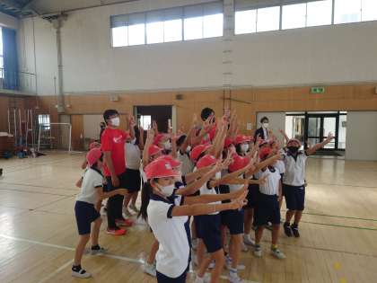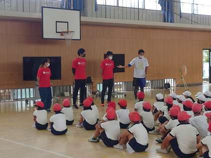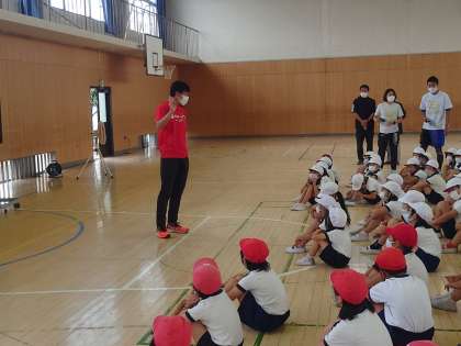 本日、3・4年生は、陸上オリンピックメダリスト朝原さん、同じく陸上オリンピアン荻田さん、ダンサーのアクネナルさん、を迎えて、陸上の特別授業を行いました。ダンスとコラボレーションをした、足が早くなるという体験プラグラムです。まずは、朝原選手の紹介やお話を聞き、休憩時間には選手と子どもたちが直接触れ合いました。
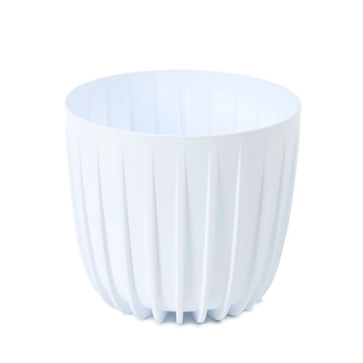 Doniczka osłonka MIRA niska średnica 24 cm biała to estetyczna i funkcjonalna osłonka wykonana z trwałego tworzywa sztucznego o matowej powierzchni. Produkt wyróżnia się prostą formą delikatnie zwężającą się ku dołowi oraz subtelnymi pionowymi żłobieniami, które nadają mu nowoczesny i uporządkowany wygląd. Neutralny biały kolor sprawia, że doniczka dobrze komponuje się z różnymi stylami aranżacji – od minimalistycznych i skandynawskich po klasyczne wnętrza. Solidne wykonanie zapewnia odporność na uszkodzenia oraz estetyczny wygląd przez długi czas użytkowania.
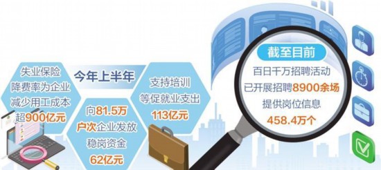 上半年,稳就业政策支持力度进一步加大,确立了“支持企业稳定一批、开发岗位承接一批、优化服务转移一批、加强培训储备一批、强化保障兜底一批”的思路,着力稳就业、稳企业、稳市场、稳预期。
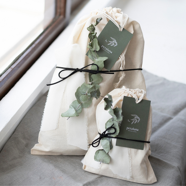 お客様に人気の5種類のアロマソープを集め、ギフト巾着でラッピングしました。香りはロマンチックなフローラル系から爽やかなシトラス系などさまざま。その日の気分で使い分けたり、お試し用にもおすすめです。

_____

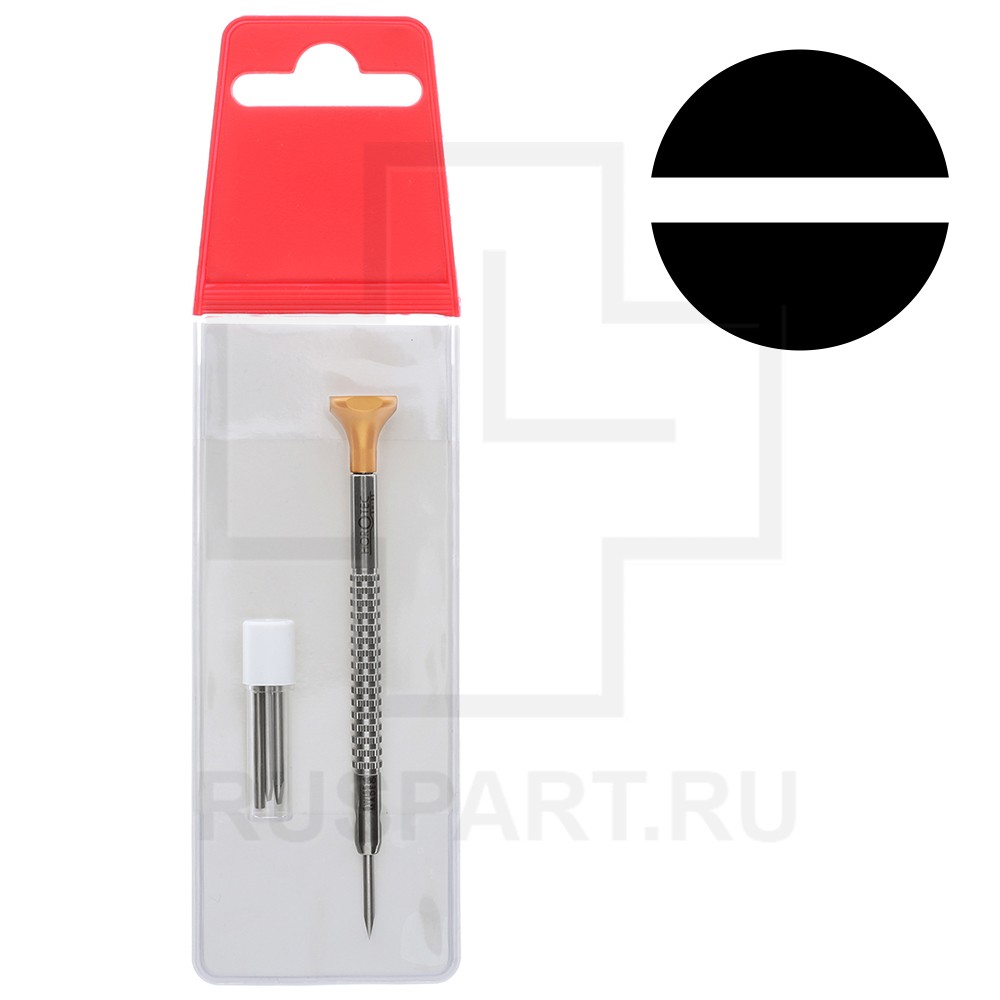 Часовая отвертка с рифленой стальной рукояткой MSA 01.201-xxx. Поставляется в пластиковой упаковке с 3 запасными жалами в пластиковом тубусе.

_____

## Work request
Return only the stretch above from the line containing "本日、3・4年生は、陸上オリ" through the line containing "お客様に人気の5種類のアロマ", word for word and without pictures.

## Solution to this task
 本日、3・4年生は、陸上オリンピックメダリスト朝原さん、同じく陸上オリンピアン荻田さん、ダンサーのアクネナルさん、を迎えて、陸上の特別授業を行いました。ダンスとコラボレーションをした、足が早くなるという体験プラグラムです。まずは、朝原選手の紹介やお話を聞き、休憩時間には選手と子どもたちが直接触れ合いました。
 Doniczka osłonka MIRA niska średnica 24 cm biała to estetyczna i funkcjonalna osłonka wykonana z trwałego tworzywa sztucznego o matowej powierzchni. Produkt wyróżnia się prostą formą delikatnie zwężającą się ku dołowi oraz subtelnymi pionowymi żłobieniami, które nadają mu nowoczesny i uporządkowany wygląd. Neutralny biały kolor sprawia, że doniczka dobrze komponuje się z różnymi stylami aranżacji – od minimalistycznych i skandynawskich po klasyczne wnętrza. Solidne wykonanie zapewnia odporność na uszkodzenia oraz estetyczny wygląd przez długi czas użytkowania.
 上半年,稳就业政策支持力度进一步加大,确立了“支持企业稳定一批、开发岗位承接一批、优化服务转移一批、加强培训储备一批、强化保障兜底一批”的思路,着力稳就业、稳企业、稳市场、稳预期。
 お客様に人気の5種類のアロマソープを集め、ギフト巾着でラッピングしました。香りはロマンチックなフローラル系から爽やかなシトラス系などさまざま。その日の気分で使い分けたり、お試し用にもおすすめです。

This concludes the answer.